Acute fibrinous and organising pneumonia presenting with mass-like imaging: a case report

Objective

This case report describes a patient with acute fibrinous and organising pneumonia (AFOP) presenting with mass-like imaging on chest computed tomography (CT), aiming to enhance clinical awareness of this rare disease.

Case presentation

A 66-year-old man presented with cough, sputum, chest tightness and weight loss persisting for 1 month. Chest X-ray revealed a space-occupying lesion in the left lung. Further CT imaging demonstrated irregular soft tissue masses in both the upper and lower lobes of the left lung. Although the imaging findings suggested lung cancer, the final pathological diagnosis confirmed AFOP. The patient was treated with methylprednisolone, resulting in substantial improvement of the upper lobe lesion, whereas the lower lobe lesion showed minimal response. Following the addition of mycophenolate mofetil, the lower lobe lesion decreased substantially. Multiple lung biopsies confirmed the diagnosis of AFOP, with no evidence of a malignant tumour.

Conclusions

Acute fibrinous and organising pneumonia presents with non-specific imaging findings, and when manifesting as a mass-like lesion, it may be misdiagnosed as lung cancer. Pathological examination remains essential for diagnosis. Close monitoring of the clinical response is crucial during treatment, and the treatment plan should be tailored to individual patient needs.

Acute fibrinous and organising pneumonia (AFOP) is a rare and distinct histopathological type of interstitial pneumonia [1]. Although the exact prevalence of AFOP is not well established, it is generally considered an uncommon condition and is often regarded as a form of acute lung injury [2].

Acute fibrinous and organising pneumonia can arise as an idiopathic condition, although it may also be associated with a variety of underlying causes [3]. In some instances, the aetiology of AFOP remains undetermined, and such cases are classified as idiopathic. The disease typically presents with non-specific clinical symptoms, including cough, dyspnoea and fever, which may overlap with other, more common lung conditions [4].

Due to its non-specific symptoms and variable radiographic presentations, AFOP is frequently misdiagnosed, resulting in delayed diagnosis and inappropriate treatment. Imaging findings often reveal diffuse ground-glass opacities or consolidation and, in rare cases, mass-like lesions that are initially mistaken for malignancy. Pathological examination remains the gold standard for diagnosis, and early recognition of AFOP is vital to ensure appropriate management [5]. The primary treatment for AFOP is corticosteroids, although some patients may require additional immunosuppressive therapies.

A 66-year-old man presented with cough, sputum, chest tightness and pain persisting for 1 month.
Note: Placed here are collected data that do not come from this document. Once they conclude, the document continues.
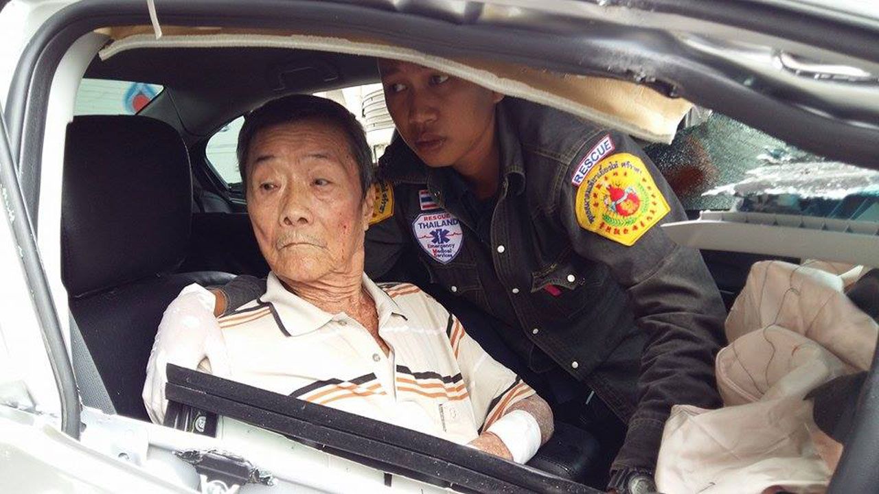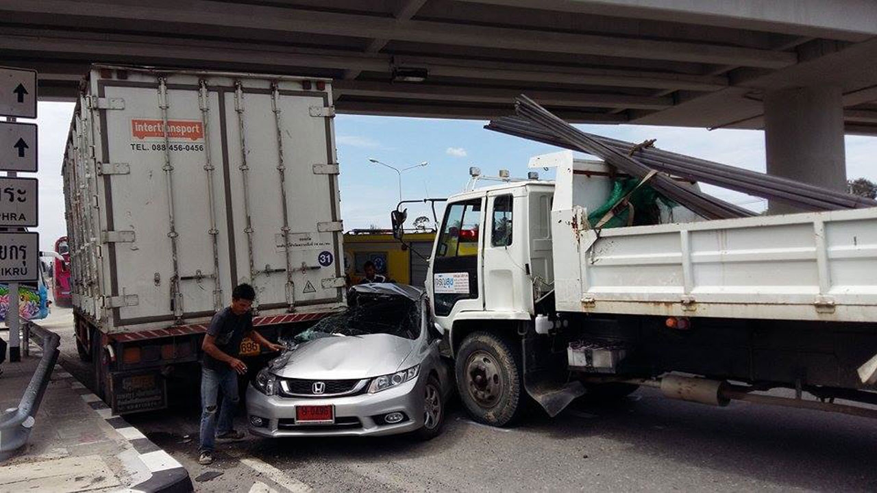 ลุงที่ปราจีนฯออกรถเก๋งป้ายแดงมาหมาดๆ ขับพาลูกๆหลานๆไปเที่ยวสวนสัตว์ เลี้ยวออกคู่ขนานมอเตอร์เวย์ศรีราชา ถูกหกล้อชนท้ายไปอัดกับรถสิบล้อตู้คอนเทนเนอร์โดนขนาบทั้งสองข้าง ตัวเองบาดเจ็บแต่ออกไม่ได้ กู้้ภัยต้องงัดช่วยออกมา...
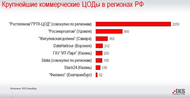 «Ростелеком» занимает лидирующие позиции на рынке региональных коммерческих ЦОДов. Остальные компании отстают с большим отрывом.
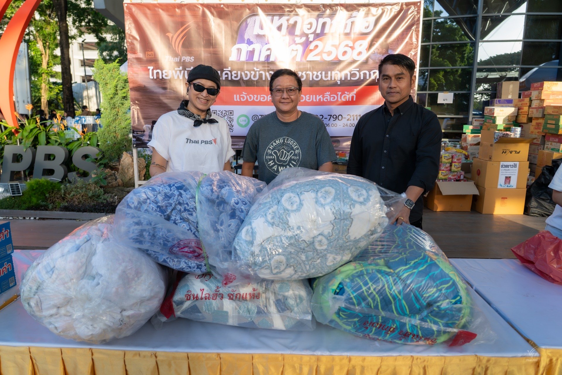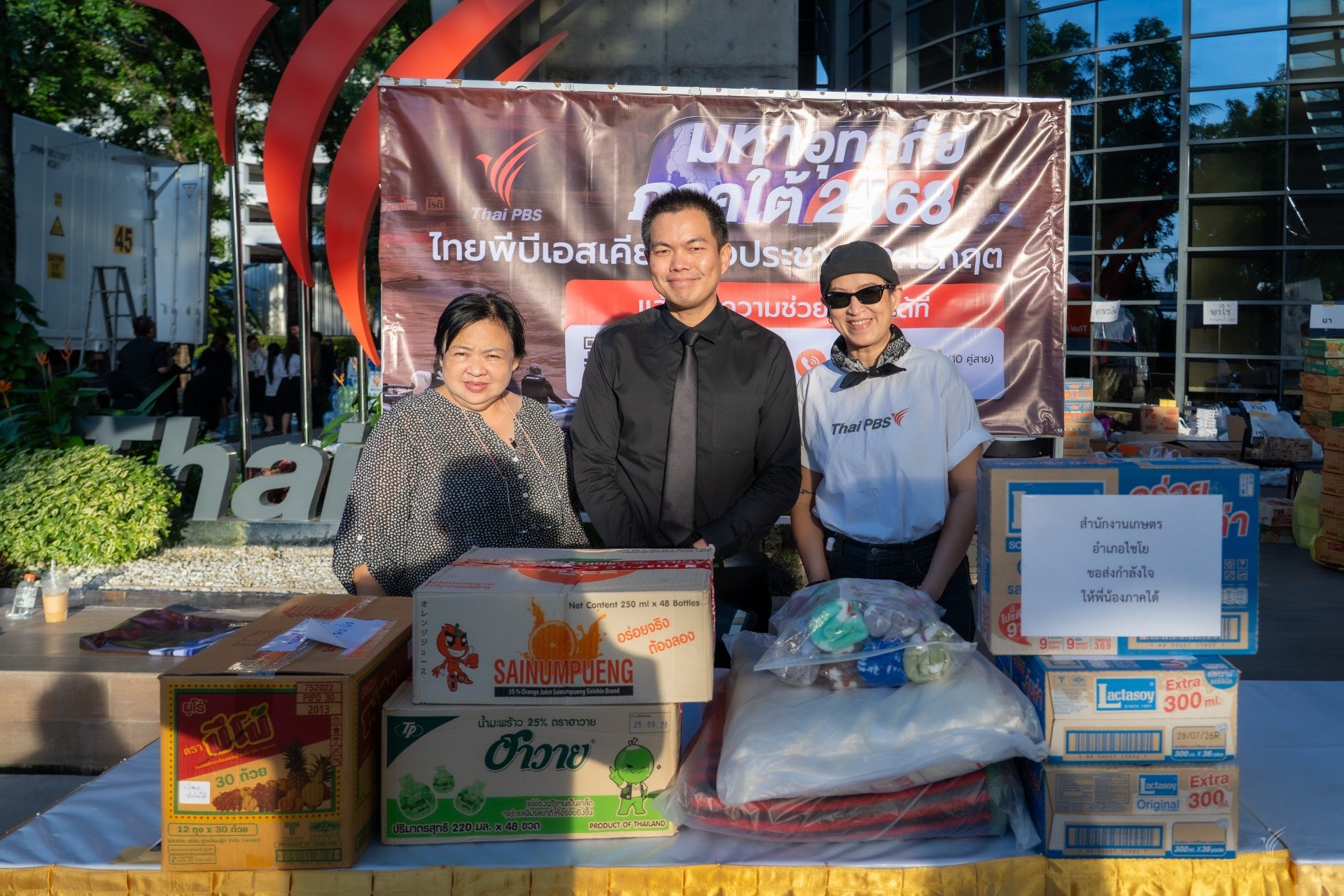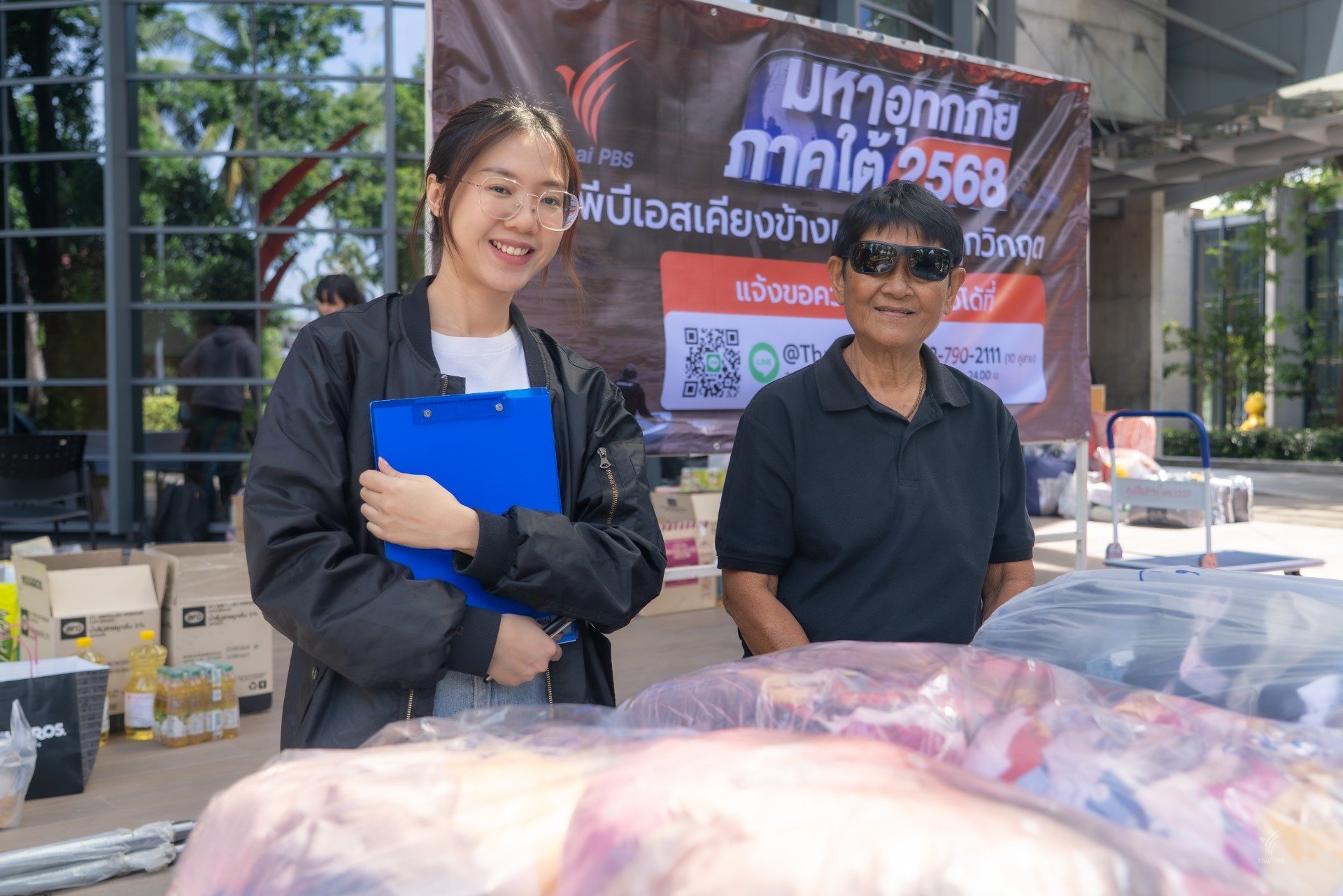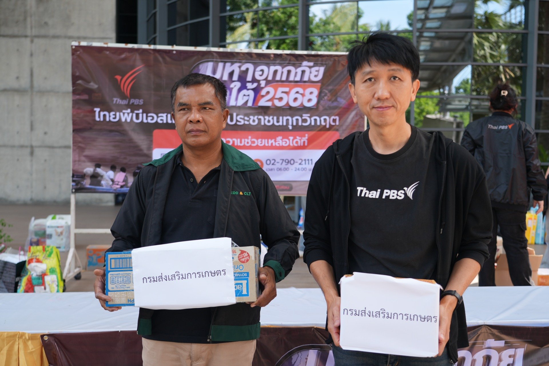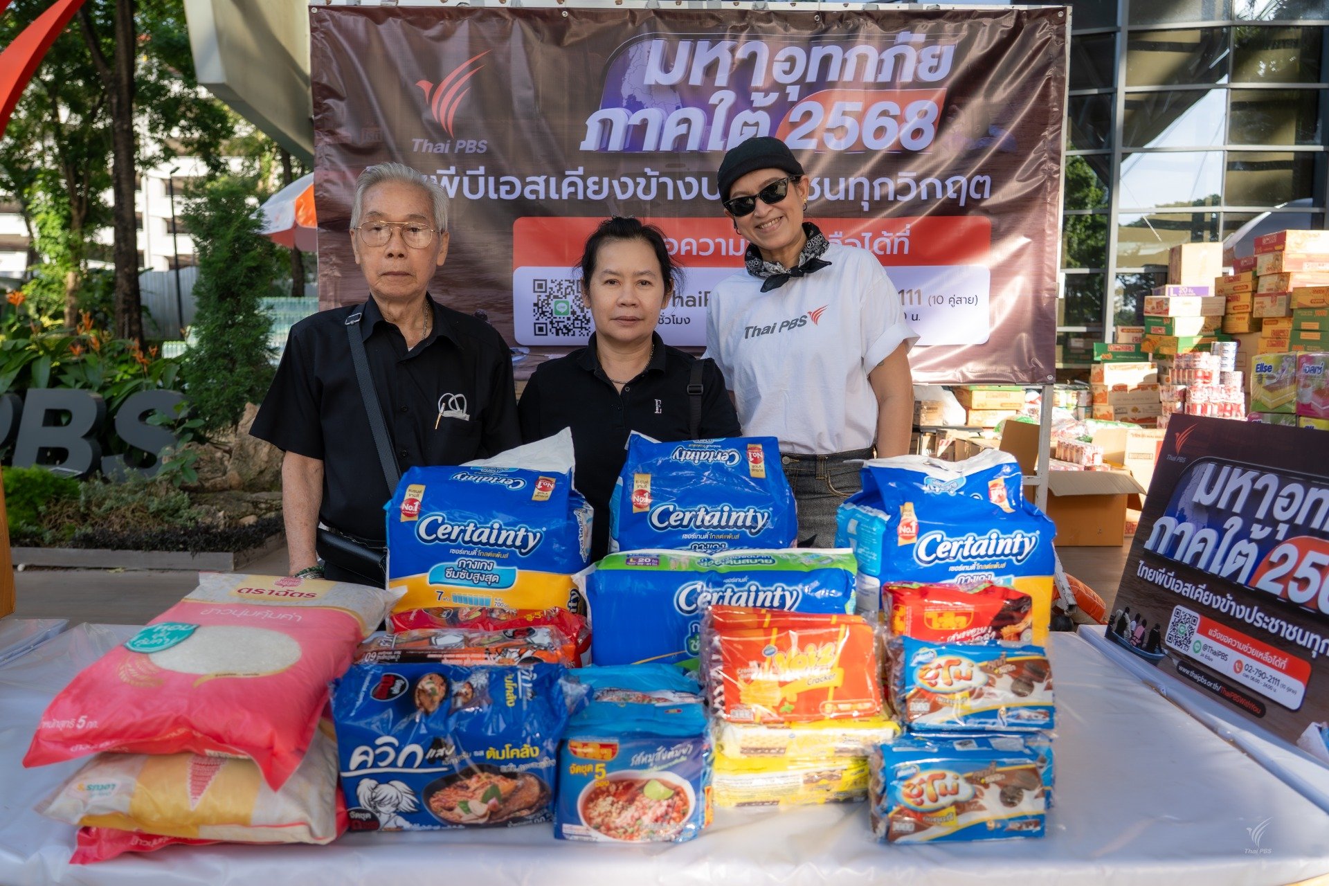 ประมาลภาพบรรยกาศ ภารกิจระดมกำลังช่วยน้ำท่วมหาดใหญ่ ของ "ศูนย์ประสานความช่วยเหลือมหาอุทกภัยภาคใต้ 2568" วันที่ 28 พ.ย. ไทยพีบีเอส ร่วมกับทีม “ต้องรอด Up For Thai” ในการ โดยเร่งลำเลียงเสบียงและอุปกรณ์จำเป็นจากกรุงเทพฯ สู่จังหวัดสงขลา ผ่านการสนับสนุนของ สายการบินแอร์เอเชีย และรถบรรทุก 10 ล้อ จากมูลนิธิพุทธภูมิธรรม ถือว่าได้รับการช่วยเหลือขนส่งทั้งทางบกและทางอากาศ ขณะที่มีผู้ให้ความสนใจนำสิ่งของมาร่วมบริจาคจำนวนมาก อาทิ มูลนิธิปันสุข และ Shavich Holding มหาวิทยาลัยเกษตรศาสตร์ กรมส่งเสริมการเกษตร บริษัทฮีโน่มอเตอร์เซลส์ประเทศไทย ข้าววรรณภพ บริษัทไบโอฟาร์มเคมีคอล จำกัด โรงเรียนวรรัตน์ศึกษา โรงเรียนดิลกศึกษา สวทช. บริษัทรักษาความปลอดภัย guard force cash solution ประเทศไทย จำกัด รวมถึงภาคประชาชนที่ยังคงทยอยนำสิ่งของมาร่วมบริจาคให้อย่างไม่ขาดสาย เพื่อส่งไปยัง สำนักงาน กสทช. เขต 4 อ.หาดใหญ่ ที่ให้การสนับสนุนสถานที่จัดเก็บและจัดทำถุงยังชีพ โดยมีเจ้าหน้าที่จิตอาสาไทยพีบีเอส ทำหน้าที่ลำเลียงและคัดแยกสิ่งของที่ได้รับบริจาค อาทิ ข้าวสาร อาหารกระป๋อง อาหารแห้ง น้ำดื่ม ยารักษาโรค ผ้าอนามัย นม ผ้าอ้อม เสื้อผ้า อาหารสัตว์เลี้ยง และของจำเป็นอื่น ๆ ขนขึ้นรถเพื่อนำไปสู่พื้นที่ประสบอุทกภัย
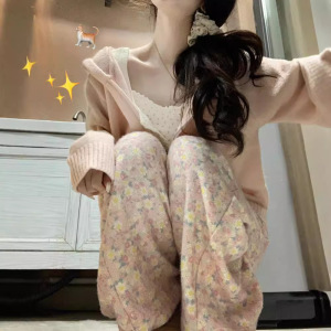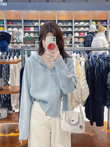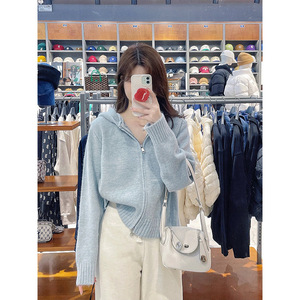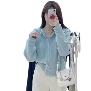 女性のためのブルーの優しいフード付きニットカーディガン春と秋のフレンチソフトワックスのような怠惰なスタイルのセータージャケットルーズショートトップ

Prior to his admission, he had received cefaclor and azithromycin at a local clinic, but with no tangible alleviation. He subsequently underwent a chest X-ray that revealed a space-occupying mass in the left lung, and he was hospitalised for further treatment on 10 September 2023. The results of laboratory investigations were normal.

Computed tomography (CT) imaging demonstrated irregularly shaped soft tissue masses in both the upper and lower lobes of the left lung, characterised by irregular margins, lobulation, spiculation and pleural indentation (Fig. 1). The masses exhibited inhomogeneous enhancement, suggesting an indeterminate nature. The imaging features resembled those of lung cancer, though they were non-specific.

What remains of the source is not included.